Bring up tiered storage for the cold tail. 95% of videos have < 1000 views; storing them in S3 Standard is wasteful. This shows cost awareness.

5

Decouple view count from playback. Saying 'the player increments a counter on play' fails the scale test. Always: fire-and-forget event, asynchronous counter.

Common Mistakes

Pitfalls to avoid in interviews

Doing all transcoding for a video on a single machine

A 60-minute video has 120 chunks; transcoded to 24 variants on one machine, that's hours per video. Split into 30-second chunks, transcode each in parallel across thousands of workers, then stitch the manifest. Wall-clock drops from hours to minutes.

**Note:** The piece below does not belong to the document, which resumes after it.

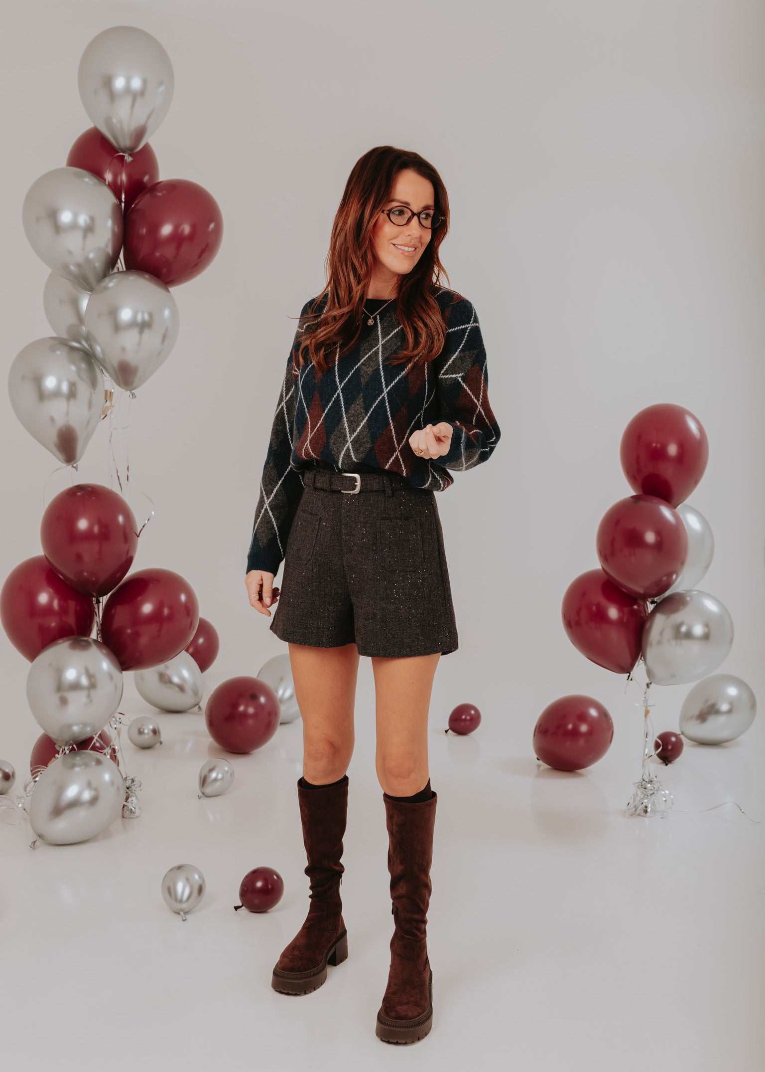 CUDDLE UP KHAKI/BROWN ARGYLE SWEATER

Serving the full video file as a single download

Progressive downloads don't adapt to bandwidth changes. On a slow connection the user waits indefinitely or gives up. Adaptive bitrate streaming (HLS/DASH) lets the player switch resolutions per segment, keeping playback going.

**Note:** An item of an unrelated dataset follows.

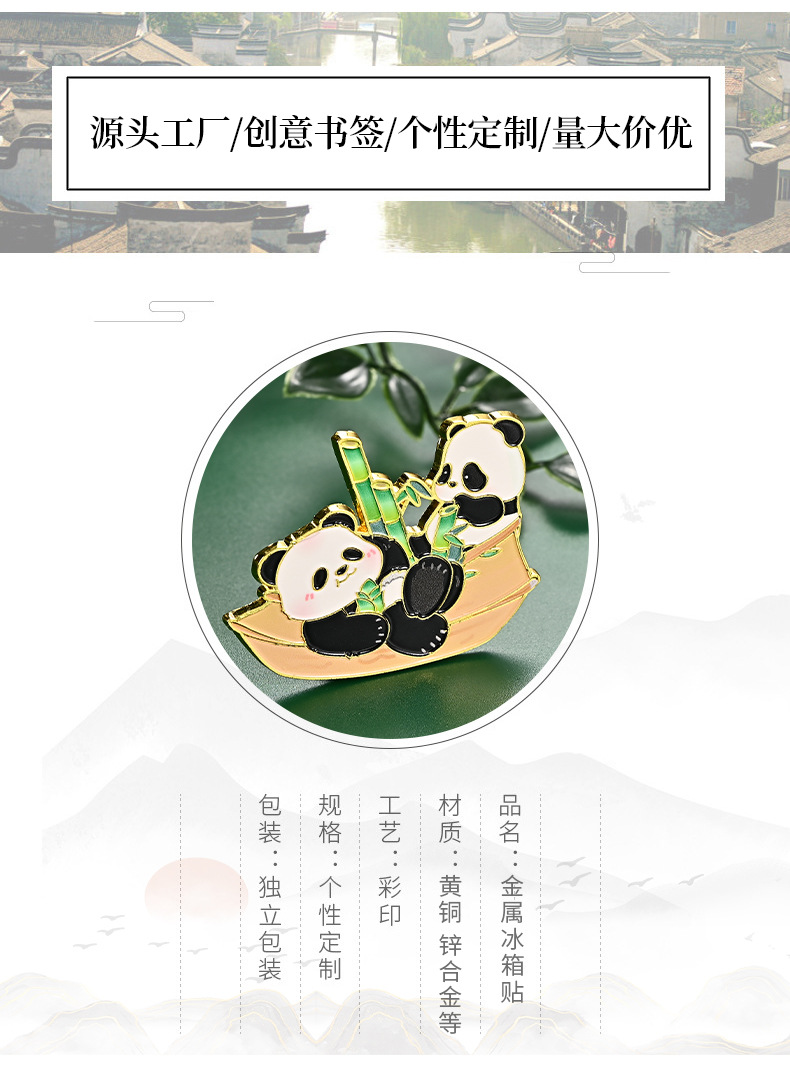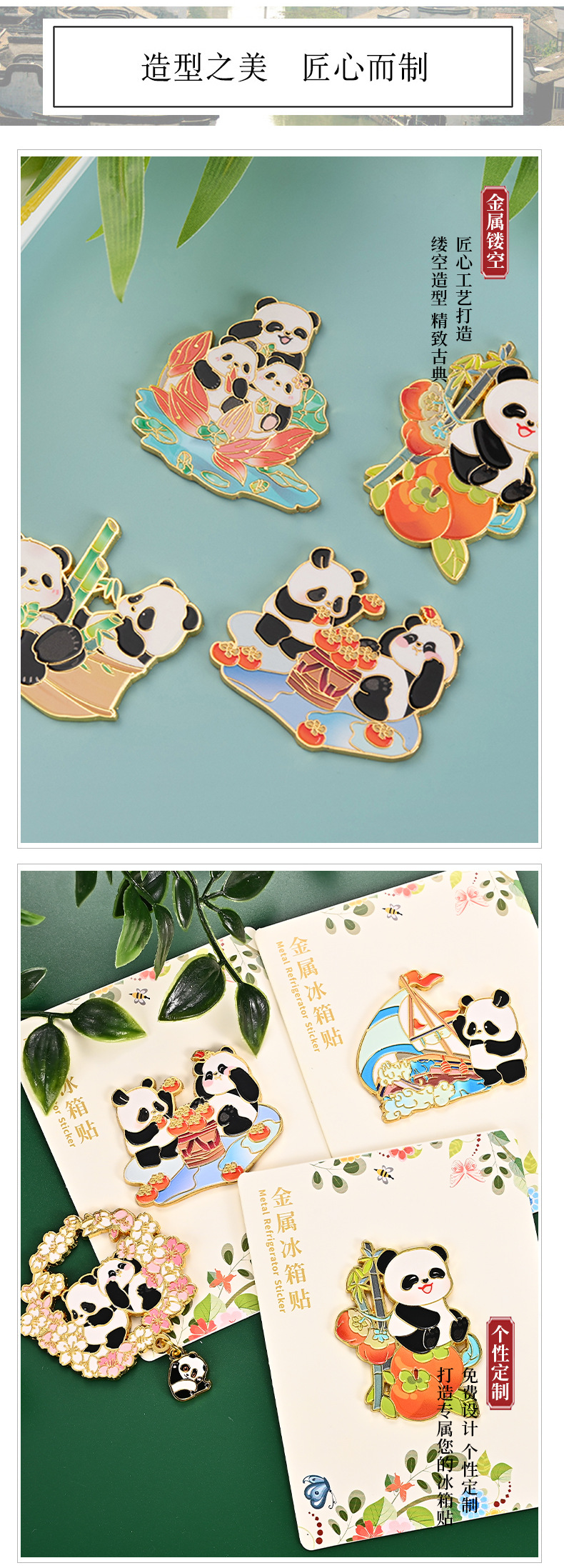 国风熊猫金属冰箱贴 新款磁吸愽物馆旅游景区纪念 创意礼品冰箱贴

Storing all videos in S3 Standard regardless of view count

95% of videos have < 1000 lifetime views but consume 75% of storage. Tier them to S3 IA after 7 days and Glacier after 90 days. Bandwidth cost when an old video gets viewed is small compared to constant storage cost for billions of cold videos.

Counting views synchronously by incrementing a database column

View counts hit thousands per second on viral videos. Synchronous counters lock contend and limit throughput. Send fire-and-forget events to Kafka, dedupe and increment in Redis, periodically flush to durable storage. Display 'about 1.2M' to absorb eventual consistency.

Forgetting that the CDN does 99% of egress

At 100+ Tbps egress, your origin couldn't possibly serve directly. The CDN with edge + regional shield absorbs essentially all traffic. Origin sees < 1%. Designs that route playback through your application servers don't work at video scale.